§ Source material:
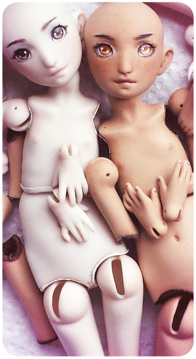 Souris is made from my body II little minion doll molds, a small little sister doll to my earlier dolls, and so far I've only sold a few dolls like her. She is also assembled with steal springs instead of elastic, the fifth doll I've ever made with springs.
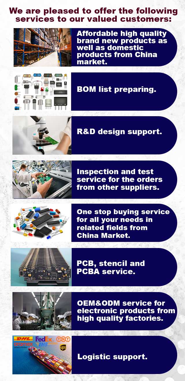 Our company is located at Huaqiang North where is the hearth of electronic component market in China. Our warehouse is located in Baoan District. We have wide range of our own inventory as well as we can easily access any kind of electronic products fast and we can provide cheap and high quality products to our customers.
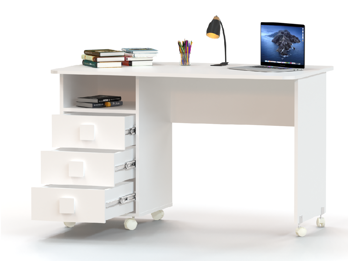 Комфортный письменный стол Легенда Л-03 белый оборудован поворотными колесами, легко перемещается по полу, задвигается и выдвигается.

§ Problem details: Each line of the listing must be restated word for word, and the pictures left out.

§ Answer space:
 Souris is made from my body II little minion doll molds, a small little sister doll to my earlier dolls, and so far I've only sold a few dolls like her. She is also assembled with steal springs instead of elastic, the fifth doll I've ever made with springs.
 Our company is located at Huaqiang North where is the hearth of electronic component market in China. Our warehouse is located in Baoan District. We have wide range of our own inventory as well as we can easily access any kind of electronic products fast and we can provide cheap and high quality products to our customers.
 Комфортный письменный стол Легенда Л-03 белый оборудован поворотными колесами, легко перемещается по полу, задвигается и выдвигается.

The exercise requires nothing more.